This is a wonderful way to use up any apples that may be lingering in the refrigerator. Especially in the fall when apples are plentiful. Of course apples can be found any time of year in the grocery store. However my Dad has always purchased bushels of apples from our local orchards every fall just after the harvest. It was our family tradition to make apple crisp anytime he would bring these apples home. I think it may just be his favorite dessert. During the apple season we averaged making apple crisp once weekly. It would be filled with crisp fresh apples and loaded with a double and sometimes triple recipe of an oat crumble topping. Later my mom and dad became more adventurous adding cranberries, various nuts, and nut flours to the mixture.

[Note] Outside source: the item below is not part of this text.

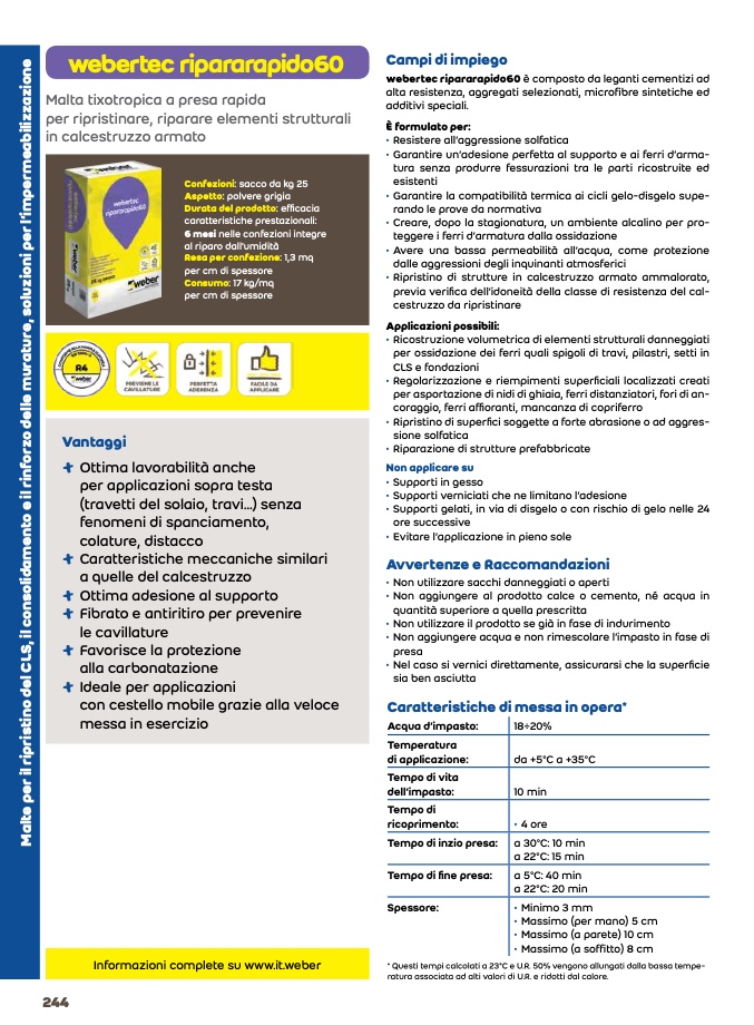 webertec ripararapido60 è composto da leganti cementizi ad
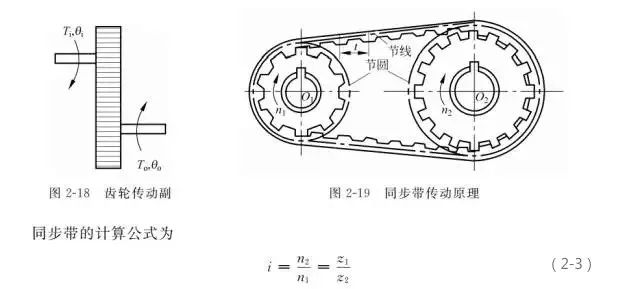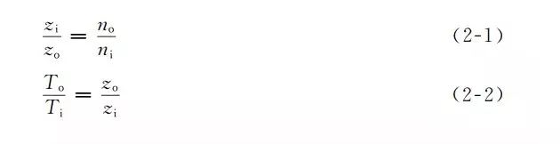 齒輪副不但可以傳遞運動角位移和角速度,而且可以傳遞力和力矩,如圖2-18所示, 一個齒輪裝在輸入軸上,另一個齒輪裝在輸出軸上,可以得到齒輪的齒數(shù)與其轉(zhuǎn)速成反比 [式 (2-1)],輸出力矩與輸入力矩之比等于輸出齒數(shù)與輸入齒數(shù)之比 [式 (2-2)]。

The crisps we made where buttery, bubbly, full of spice, with a crusty crunchy golden topping, made extra delicious with the addition of vanilla bean ice cream.

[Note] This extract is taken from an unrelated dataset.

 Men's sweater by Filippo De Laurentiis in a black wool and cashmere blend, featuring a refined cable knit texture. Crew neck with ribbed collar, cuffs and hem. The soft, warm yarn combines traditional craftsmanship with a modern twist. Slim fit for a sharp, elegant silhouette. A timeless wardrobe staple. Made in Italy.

These bars below are equally as delicious as that apple crisp of my childhood. While this is labeled as a “cookie” recipe these bars have more of a cake-like texture. This is the first time I have made this recipe from my classic Better Homes and Gardens Homemade Cookies Cookbook. But I instantly fell in love with it. I added currants to the original recipe and some additional fresh nutmeg. I love the extra aromatic spice! Adjust the spices to your taste if desired. I also was a little skeptical that the batter would fill the 13x9x2 pan. But not to worry, while the batter seemed a little stretched and thin in the pan, it rose up quite wonderfully. Enjoy these on their own, with a cup of coffee or tea, or hot out of the oven with a scoop of vanilla bean ice cream. Take it from my dad a real apple dessert connoisseur, I shared some of these bars with him and he oohed and aahed over them exclaiming they “were great!”
- 1/3 cup softened butter
- 3/4 cup sugar
- 2 eggs
- 3/4 cup all-purpose flour
- 1/2 teaspoon salt
- 1/2 teaspoon baking powder
- 1/4 teaspoon baking soda
- 1/2 teaspoon freshly ground nutmeg
- 1/4 teaspoon ground ginger
- 1/2 cup currants
- 1 cup finely chopped peeled apple
- 2 tablespoons sugar
- 1/2 teaspoon cinnamon
- Preheat oven to 350º.
- Cream butter and 3/4 cup sugar.
- Add 2 eggs to butter and sugar and beat well to incorporate.
- In separate bowl stir together flour, salt, baking powder, baking soda, nutmeg, and ginger.
- Blend dry ingredient mixture into creamed mixture; mix well.
- Stir in finely chopped apples and currants.
- Spread mixture over greased 13x9x2 inch baking pan.
- Combine 2 tablespoons sugar with 1/2 teaspoon cinnamon and sprinkle over top of batter.
- Bake at 350º for 25 to 30 minutes. Cool cut into bars.